Thursday, February 11, 2010
Writing Off the UK's Last Palaeographer
Palaeographers study ancient writing. A London University just canned the last remaining palaeographer in the country. People are not pleased (particularly, I imagine, the palaeographer). John Crace, in The Guardian, writes about why studying ancient writing is important.
From the piece...
"Without a palaeography professor such as David Ganz, not only will King's be sorely deprived of a basis on which to teach almost every other university discipline," says Alexandra Maccarini, "but the study of humanities everywhere will suffer from the absence of a devoted specialist in the subject."
In its strictest sense, palaeography is the study of ancient manuscripts whereby scholars can read texts – often partial, as many exist only in fragments – and localise and date handwriting accurately. This may sound arcane, and to some extent it is. But it is also the building block of all classical and medieval scholarship. According to Ganz: "Anyone who goes into a university library will within a week find an ancient manuscript that no one has yet properly understood."
"It is academic forensic science," agrees Dr Irving Finkel, assistant keeper in the department of the Middle East at the British Museum. "Many of the printed texts we use today – be they the Bible, Livy's poems or Shakespeare's plays – do not come from a single text.

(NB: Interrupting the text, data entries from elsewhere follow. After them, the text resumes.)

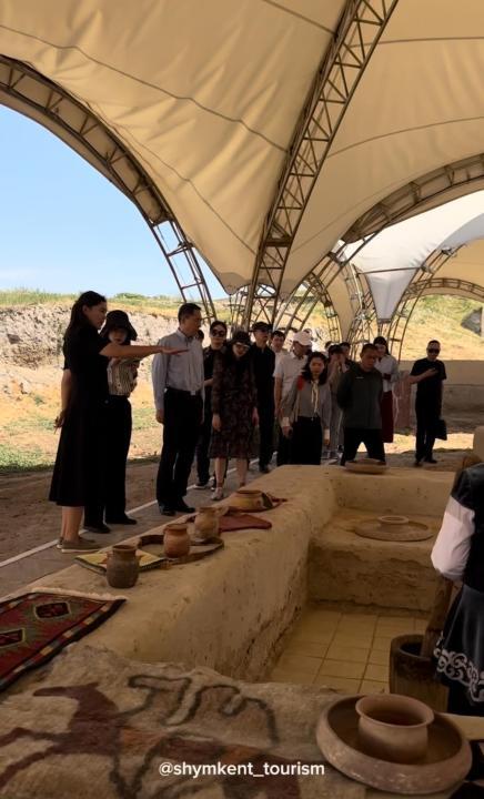 Гости ознакомились с историей древнего города Шымкента, осмотрели места археологических раскопок, а также обновлённые культурные объекты.Им была представлена подробная информация о значении города на древнем торговом пути, а также о его культурном и историческом наследии. В свою очередь господин Хань Чуньлинь высоко оценил богатый историко-культурный потенциал Шымкента и отметил заинтересованность в дальнейшем укреплении культурного сотрудничества между двумя странами.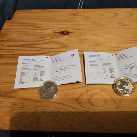 Pohjolan luonto Kasvisto -juhlarahassa leinikkiä reunustavat jäkälät ja sammaleet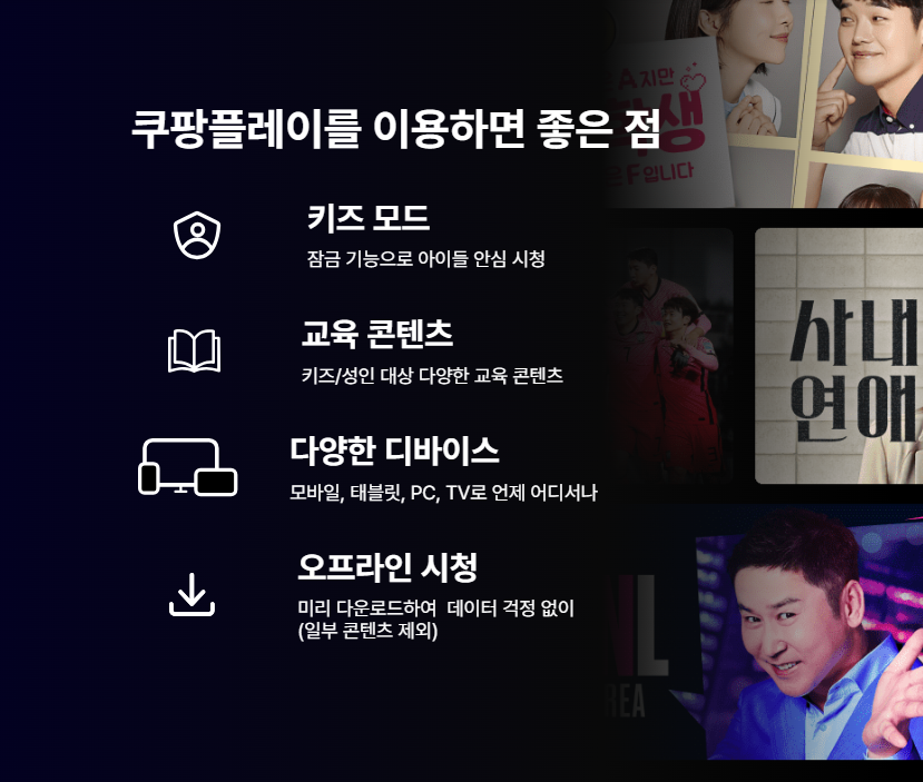 쿠팡플레이는 넷플릭스나 디즈니+처럼 영화를 보고 드라마를 감상할 수 있는 OTT 서비스예요. 스포츠 중계, 특히 프리미어리그 생중계를 볼 수 있어서 축구 팬들에게 인기가 많아요.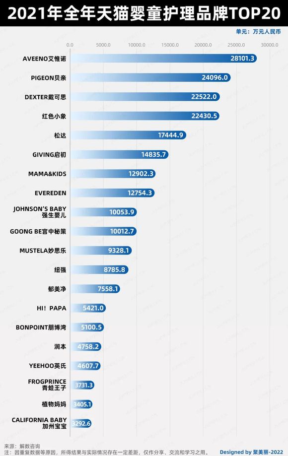 如下图,根据解数咨询数据,2021年全年天猫婴童护理品牌TOP20的名单中,除国际品牌外,也有像戴可思、红色小象、启初、海龟爸爸这样的国货新锐品牌。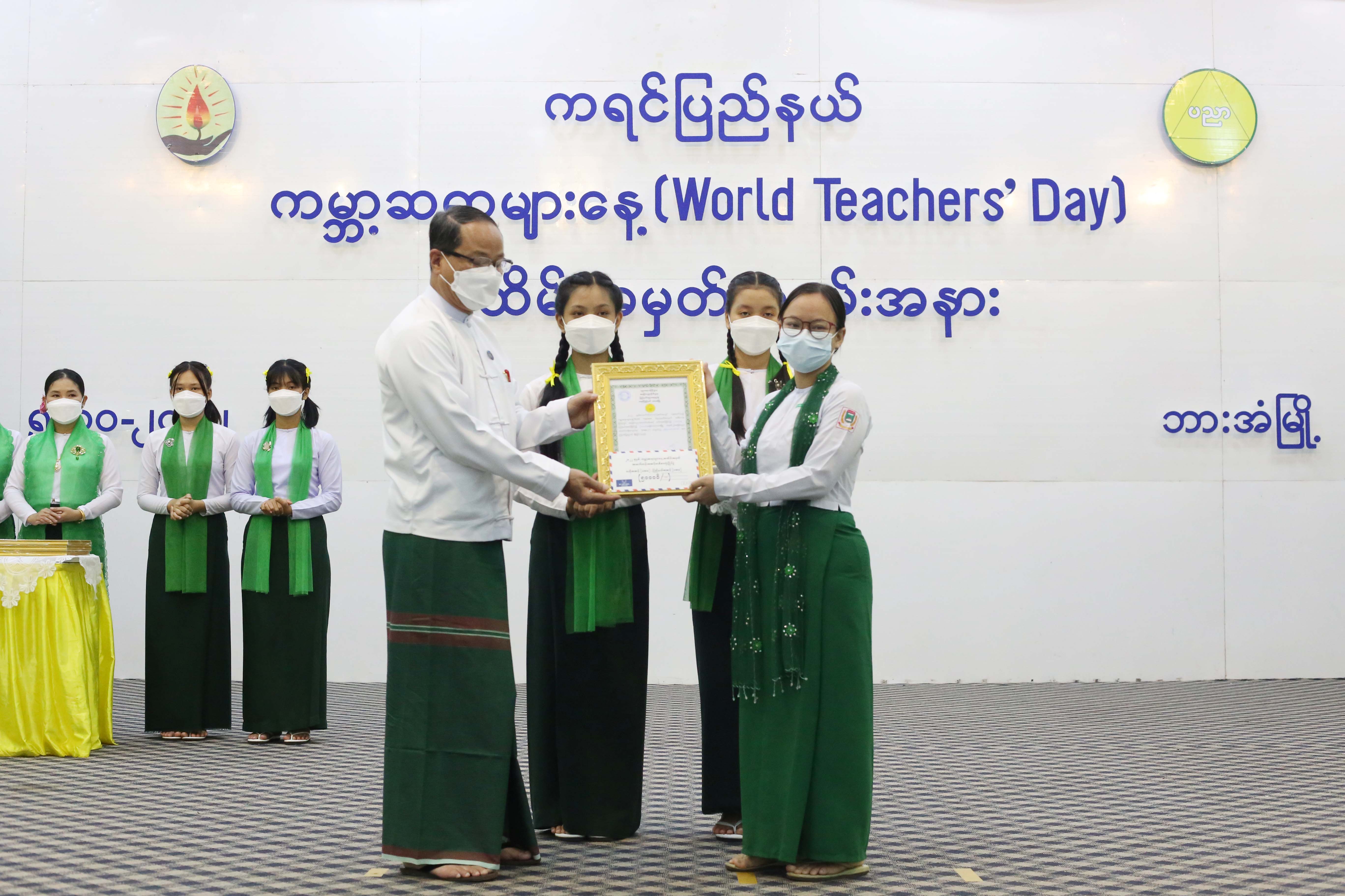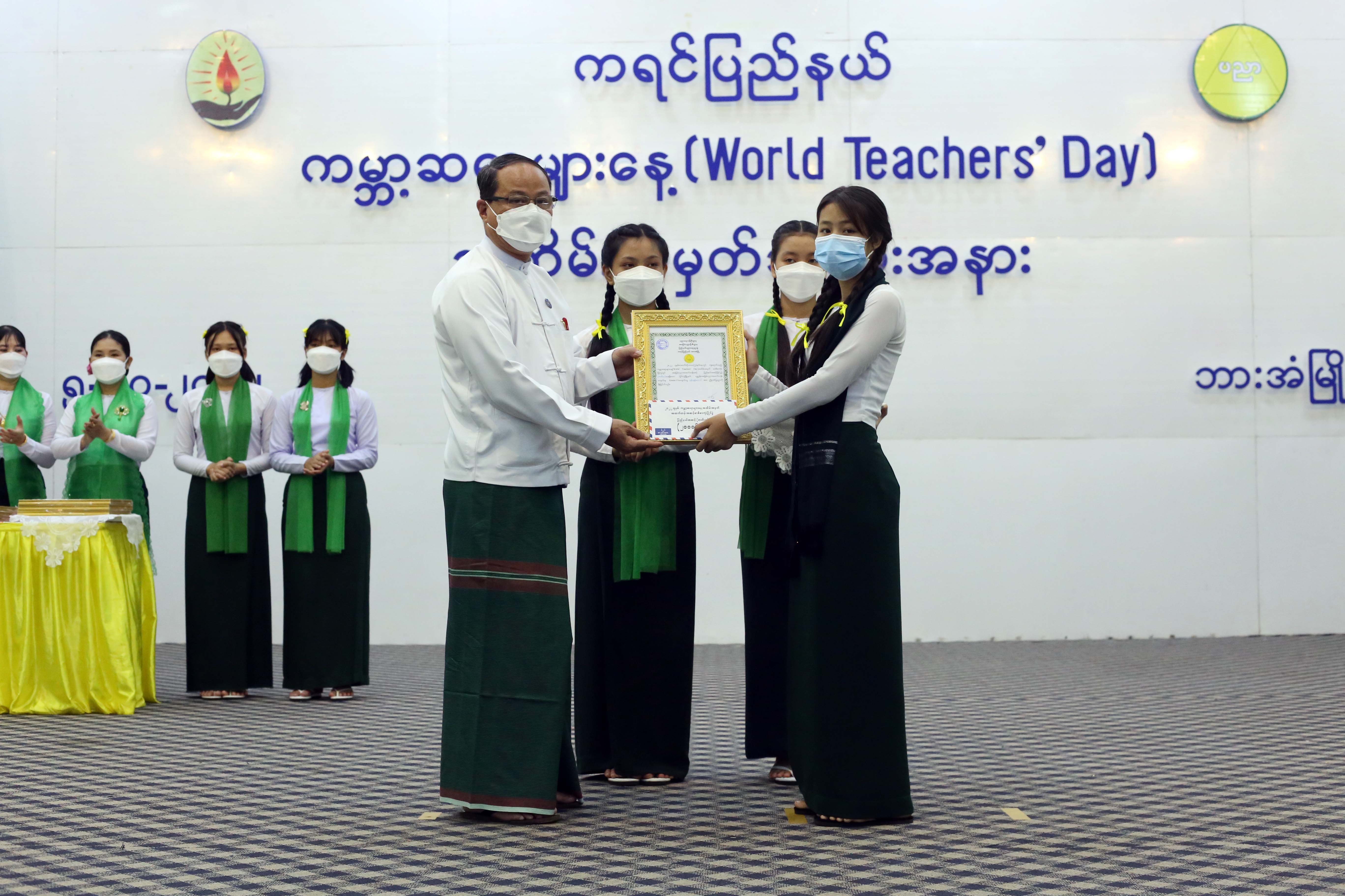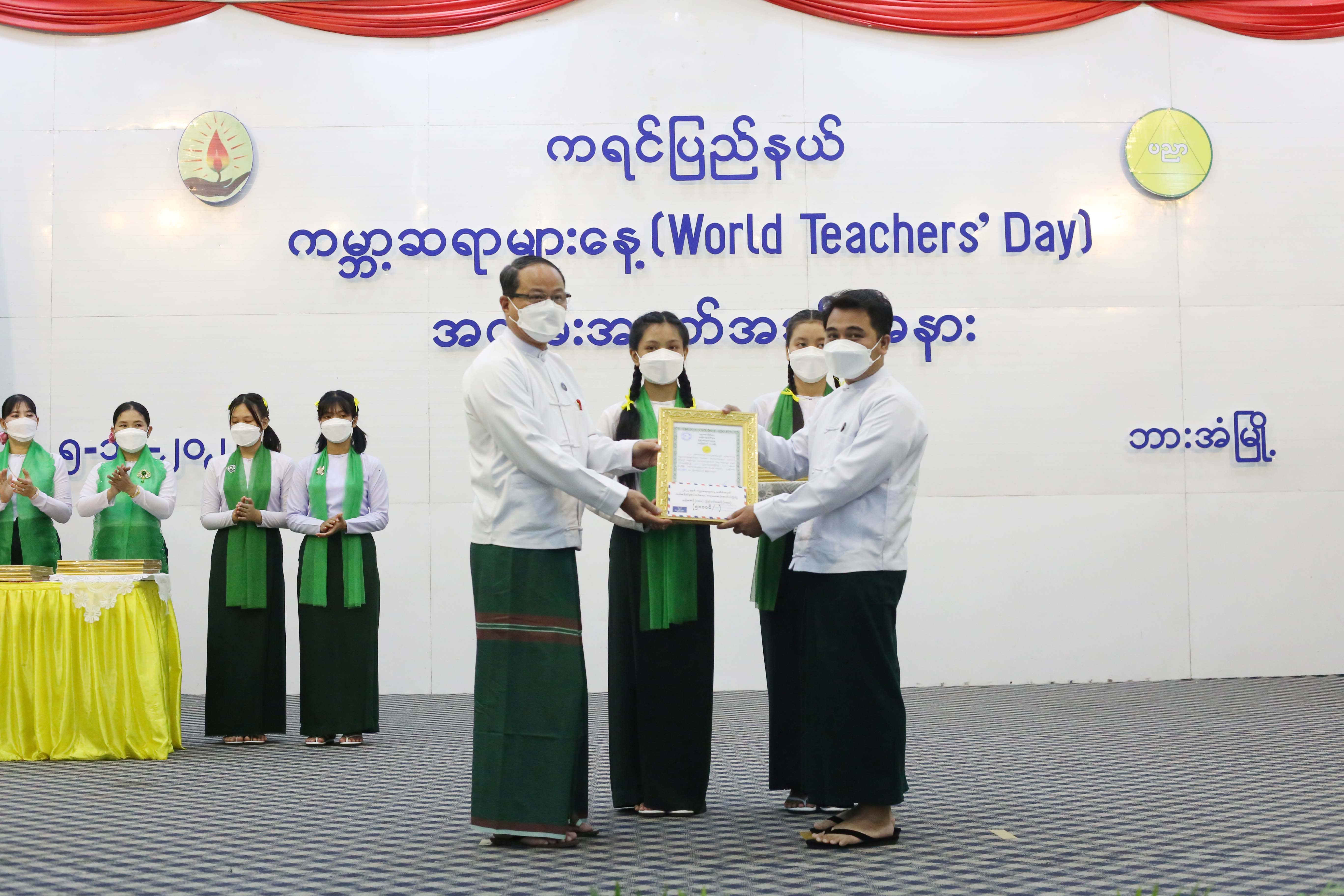 “ပညာရေးပြုပြင်ပြောင်းလဲမှု-ဆရာများကအစပြု” ဆောင်ပုဒ်ဖြင့် ကရင်ပြည်နယ် ကမ္ဘာ့ဆရာများနေ့အထိမ်း အမှတ်အခမ်းအနားကို အောက်တိုဘာလ ၅ ရက်နေ့ နံနက် ၁၀ နာရီခန့်က ဘားအံမြို့၊ ဇွဲကပခန်းမ၌ ကျင်းပသည်။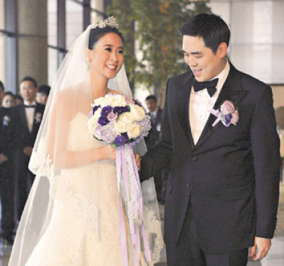 圖為臺(tái)塑長孫王泉仁(右)2010年迎娶李晶晶(左)的照片,可惜這樁豪門婚姻變調(diào),雙方都委請律師明天在家事法庭調(diào)解。圖片來源:臺(tái)灣《聯(lián)合晚報(bào)》

They are a collation of various manuscripts that may have been altered by scribes over time. A palaeographer can help determine which is likely to be the most authentic.
"It's about understanding the codes, the signs and the ligatures [common abbreviations] that were in use at different periods of a language's evolution, so you can interpret words that may have been rubbed away and see what may have been added at a later date."